Economically, the US will – at best – muddle through; the economies of much of the rest of the developed world are essentially stalled. Even China’s amazing growth seems to be slowing. There likely will be another recession within the next five years in the US (maybe sooner; Europe is probably already there), with the potential to rival the Great Recession in impact. However, the Federal Reserve and other central banks (with their near-zero to negative interest rates) and national governments (with their mountains of debt) will have even more difficulty responding to this one; recovery will be even slower. And it appears that the policies of the Federal Reserve and other central banks will continue to punish savers and inadvertently promote wealth inequality. The coming recession will reduce the apparent wealth at the top end, tbough. I intend to examine the “wealth gap” in a later post – closing it in a wise manner could have a huge impact on our communities.

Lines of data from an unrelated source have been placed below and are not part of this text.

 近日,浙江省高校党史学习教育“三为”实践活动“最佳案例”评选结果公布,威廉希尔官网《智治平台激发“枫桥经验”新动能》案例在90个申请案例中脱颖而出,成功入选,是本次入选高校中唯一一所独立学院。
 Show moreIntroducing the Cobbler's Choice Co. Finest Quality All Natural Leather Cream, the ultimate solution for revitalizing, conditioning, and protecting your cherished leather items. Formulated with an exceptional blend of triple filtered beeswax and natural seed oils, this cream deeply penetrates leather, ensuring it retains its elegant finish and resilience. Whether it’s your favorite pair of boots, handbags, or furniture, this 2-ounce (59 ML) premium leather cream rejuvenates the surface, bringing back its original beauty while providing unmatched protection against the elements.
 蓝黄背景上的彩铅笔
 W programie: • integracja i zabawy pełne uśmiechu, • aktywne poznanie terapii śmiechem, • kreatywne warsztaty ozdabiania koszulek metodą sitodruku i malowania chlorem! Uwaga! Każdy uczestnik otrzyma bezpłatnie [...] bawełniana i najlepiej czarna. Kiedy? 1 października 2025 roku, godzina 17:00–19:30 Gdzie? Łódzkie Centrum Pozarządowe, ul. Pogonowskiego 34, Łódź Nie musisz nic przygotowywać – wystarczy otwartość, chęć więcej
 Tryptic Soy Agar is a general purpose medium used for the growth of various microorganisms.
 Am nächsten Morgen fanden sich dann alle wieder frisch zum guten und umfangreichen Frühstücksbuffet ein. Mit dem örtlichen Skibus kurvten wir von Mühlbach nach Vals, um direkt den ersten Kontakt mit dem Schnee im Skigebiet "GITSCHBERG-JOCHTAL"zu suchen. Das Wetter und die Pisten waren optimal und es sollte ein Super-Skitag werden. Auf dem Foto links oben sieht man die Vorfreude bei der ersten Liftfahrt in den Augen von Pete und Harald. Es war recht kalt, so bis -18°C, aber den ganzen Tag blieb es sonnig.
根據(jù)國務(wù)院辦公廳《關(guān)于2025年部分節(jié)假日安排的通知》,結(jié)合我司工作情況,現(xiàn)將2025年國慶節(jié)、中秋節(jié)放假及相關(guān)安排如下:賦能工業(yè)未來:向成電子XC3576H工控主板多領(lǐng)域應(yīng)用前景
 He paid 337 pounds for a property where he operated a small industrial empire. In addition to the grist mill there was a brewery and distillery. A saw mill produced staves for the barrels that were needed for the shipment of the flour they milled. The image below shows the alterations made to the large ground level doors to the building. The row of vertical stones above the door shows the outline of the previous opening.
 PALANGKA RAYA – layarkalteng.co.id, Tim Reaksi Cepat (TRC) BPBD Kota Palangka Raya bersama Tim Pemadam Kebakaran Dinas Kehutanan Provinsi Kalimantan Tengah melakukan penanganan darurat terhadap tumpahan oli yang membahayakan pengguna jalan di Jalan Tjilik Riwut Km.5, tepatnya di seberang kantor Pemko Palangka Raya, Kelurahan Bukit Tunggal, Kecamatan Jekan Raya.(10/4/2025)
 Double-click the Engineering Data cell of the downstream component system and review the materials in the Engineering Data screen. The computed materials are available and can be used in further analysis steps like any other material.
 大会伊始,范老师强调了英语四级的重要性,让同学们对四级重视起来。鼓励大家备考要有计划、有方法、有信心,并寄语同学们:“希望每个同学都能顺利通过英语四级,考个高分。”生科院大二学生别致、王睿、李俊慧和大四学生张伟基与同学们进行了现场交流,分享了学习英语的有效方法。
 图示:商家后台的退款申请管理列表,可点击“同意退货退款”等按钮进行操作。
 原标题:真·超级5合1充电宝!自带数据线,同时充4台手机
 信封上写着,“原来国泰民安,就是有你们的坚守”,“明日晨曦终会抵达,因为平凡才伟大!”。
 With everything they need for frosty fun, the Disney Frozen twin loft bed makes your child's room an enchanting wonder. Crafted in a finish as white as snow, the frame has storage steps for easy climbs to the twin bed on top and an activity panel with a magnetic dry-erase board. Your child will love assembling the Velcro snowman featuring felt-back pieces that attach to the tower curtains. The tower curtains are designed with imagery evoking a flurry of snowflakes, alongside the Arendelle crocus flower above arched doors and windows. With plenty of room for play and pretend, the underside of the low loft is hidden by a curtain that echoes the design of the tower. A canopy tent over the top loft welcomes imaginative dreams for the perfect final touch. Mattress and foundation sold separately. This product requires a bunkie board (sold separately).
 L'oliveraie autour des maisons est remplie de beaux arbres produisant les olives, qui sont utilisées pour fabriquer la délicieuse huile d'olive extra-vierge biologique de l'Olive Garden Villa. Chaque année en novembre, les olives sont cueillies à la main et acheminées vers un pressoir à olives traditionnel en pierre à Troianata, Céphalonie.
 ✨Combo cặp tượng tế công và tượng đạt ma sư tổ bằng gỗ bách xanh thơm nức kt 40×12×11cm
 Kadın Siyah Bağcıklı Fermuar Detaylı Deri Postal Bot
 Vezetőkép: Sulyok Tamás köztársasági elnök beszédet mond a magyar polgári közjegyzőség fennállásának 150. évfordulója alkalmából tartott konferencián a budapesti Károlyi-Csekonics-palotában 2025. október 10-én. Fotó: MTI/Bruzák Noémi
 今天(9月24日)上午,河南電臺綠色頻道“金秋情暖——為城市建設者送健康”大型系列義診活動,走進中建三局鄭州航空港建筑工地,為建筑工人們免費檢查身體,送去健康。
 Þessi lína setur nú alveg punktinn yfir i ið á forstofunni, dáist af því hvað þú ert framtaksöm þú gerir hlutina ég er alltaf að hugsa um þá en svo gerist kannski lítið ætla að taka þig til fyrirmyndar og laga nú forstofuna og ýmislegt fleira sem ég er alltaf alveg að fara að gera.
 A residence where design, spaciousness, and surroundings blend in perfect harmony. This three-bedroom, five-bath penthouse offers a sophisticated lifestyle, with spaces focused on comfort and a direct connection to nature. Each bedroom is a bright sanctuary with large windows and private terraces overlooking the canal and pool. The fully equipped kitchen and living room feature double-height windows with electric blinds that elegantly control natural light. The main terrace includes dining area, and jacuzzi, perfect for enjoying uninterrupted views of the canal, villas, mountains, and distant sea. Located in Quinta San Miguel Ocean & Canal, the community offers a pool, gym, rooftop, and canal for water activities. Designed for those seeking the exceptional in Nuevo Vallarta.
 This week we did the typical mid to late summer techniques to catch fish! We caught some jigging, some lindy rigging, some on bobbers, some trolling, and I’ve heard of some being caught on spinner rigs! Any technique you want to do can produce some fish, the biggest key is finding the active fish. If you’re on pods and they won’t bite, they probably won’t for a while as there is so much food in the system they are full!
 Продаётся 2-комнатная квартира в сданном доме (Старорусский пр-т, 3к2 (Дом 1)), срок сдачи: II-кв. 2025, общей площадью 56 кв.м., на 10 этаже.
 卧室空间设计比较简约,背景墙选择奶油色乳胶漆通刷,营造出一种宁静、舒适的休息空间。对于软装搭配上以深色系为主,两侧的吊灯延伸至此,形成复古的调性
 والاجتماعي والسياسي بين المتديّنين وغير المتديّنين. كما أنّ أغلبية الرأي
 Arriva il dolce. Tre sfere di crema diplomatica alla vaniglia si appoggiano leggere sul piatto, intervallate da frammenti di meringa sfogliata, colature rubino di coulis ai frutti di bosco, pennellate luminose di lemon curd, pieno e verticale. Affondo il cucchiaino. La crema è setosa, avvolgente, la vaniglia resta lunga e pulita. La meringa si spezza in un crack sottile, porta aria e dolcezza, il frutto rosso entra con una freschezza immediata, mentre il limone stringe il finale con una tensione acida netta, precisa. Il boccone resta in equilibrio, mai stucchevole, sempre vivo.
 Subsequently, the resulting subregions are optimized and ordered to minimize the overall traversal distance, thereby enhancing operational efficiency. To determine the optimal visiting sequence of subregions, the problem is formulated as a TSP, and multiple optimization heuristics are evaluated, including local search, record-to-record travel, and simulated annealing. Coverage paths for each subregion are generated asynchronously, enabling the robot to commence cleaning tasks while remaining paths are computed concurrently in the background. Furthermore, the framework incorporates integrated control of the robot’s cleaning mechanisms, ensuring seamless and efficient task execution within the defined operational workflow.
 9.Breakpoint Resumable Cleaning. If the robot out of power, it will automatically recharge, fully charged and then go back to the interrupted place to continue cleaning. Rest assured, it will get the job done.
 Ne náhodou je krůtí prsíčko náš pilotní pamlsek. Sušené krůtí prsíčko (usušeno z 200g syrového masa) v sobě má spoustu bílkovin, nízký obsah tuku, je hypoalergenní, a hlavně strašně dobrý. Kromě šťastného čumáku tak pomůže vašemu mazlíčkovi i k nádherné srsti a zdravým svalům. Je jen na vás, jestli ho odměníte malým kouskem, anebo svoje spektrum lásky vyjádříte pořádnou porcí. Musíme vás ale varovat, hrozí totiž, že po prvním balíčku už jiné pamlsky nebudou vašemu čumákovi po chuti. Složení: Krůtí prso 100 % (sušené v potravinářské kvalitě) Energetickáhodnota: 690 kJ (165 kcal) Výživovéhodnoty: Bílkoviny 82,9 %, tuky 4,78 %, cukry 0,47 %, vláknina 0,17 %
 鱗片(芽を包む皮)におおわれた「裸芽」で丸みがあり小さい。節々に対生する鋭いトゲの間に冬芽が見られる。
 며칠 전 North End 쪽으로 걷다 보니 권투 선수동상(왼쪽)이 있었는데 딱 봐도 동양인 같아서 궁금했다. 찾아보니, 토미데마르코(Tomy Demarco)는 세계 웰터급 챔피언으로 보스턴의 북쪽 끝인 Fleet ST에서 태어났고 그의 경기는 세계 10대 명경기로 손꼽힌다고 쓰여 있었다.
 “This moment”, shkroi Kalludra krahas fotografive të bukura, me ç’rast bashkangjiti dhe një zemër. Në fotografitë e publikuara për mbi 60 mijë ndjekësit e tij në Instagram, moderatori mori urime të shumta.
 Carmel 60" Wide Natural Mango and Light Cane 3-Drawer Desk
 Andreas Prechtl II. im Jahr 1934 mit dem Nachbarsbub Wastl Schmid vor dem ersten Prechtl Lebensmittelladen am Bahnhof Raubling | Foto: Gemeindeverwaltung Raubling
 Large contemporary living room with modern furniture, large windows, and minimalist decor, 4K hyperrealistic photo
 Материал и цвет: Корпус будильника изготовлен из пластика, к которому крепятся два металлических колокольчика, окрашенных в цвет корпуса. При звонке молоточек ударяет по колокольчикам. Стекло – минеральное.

A recession will likely accelerate two other trends: business consolidation and the growth of e-commerce. The growth of government regulations and the pressure of global competition has led to a situation in which every major industry is dominated by only a few companies. Credit Suisse estimates that by 2025 over one-fourth of all the malls in the US will be closed. E-commerce will make up to at least half of the retail economy by the end of the decade. Recession, business consolidation and e-commerce together spell big trouble for small businesses. After the Great Recession, job growth was dominated by intermediate and large companies for the first time; generally smaller businesses have been the driver of recovery. And small businesses are the lifeblood of the downtowns of many small and intermediate size communities. They’re the ones who sponsor youth sports teams; notices about community events are posted in their windows; they are often the anchors for the community’s sense of place.
Small businesses are also the entry point for most young people into the workforce. Spain, Greece and our own experience in the Great Recession point to disproportionate youth unemployment (This is also an unintended consequence of raising the minimum wage). Some of these youth will become isolated from their communities; with the potential for increased crime and drug use.
In fact, youth unemployment, in fact all employment will continue its inexorable change. As my friend Andy Felts is fond of tweaking me about, AI (and, more broadly, automation) will continue to erode the need for low-skilled workers. Past revolutions/evolutions in the nature of work have generally led to the need for roughly the same workforce in terms of numbers, but very different skill sets. Less farmland needed for food production and consolidation have led to fewer farms and farmers. We frankly don’t know what the advent of self-driving trucks and cars may mean for employment of cab and truck drivers, for example.
And perhaps the least recognized trend – the compression of time: the accelerating pace of change. Our communities are being assailed by demographic and social change, changes to their economic and environmental landscapes, and most of all changing expectations by their members. These are coming at communities faster and faster. As pattern seekers, our community leaders generally expect to have as much time to respond to these changes as they had “the last time,” but that expectation is no longer valid. To adapt to these changes requires both time and a willingness to take action. This places a premium on a community’s ability to foresee change and think strategically. I’ve written about this before, but I’ll explore this further in a later post.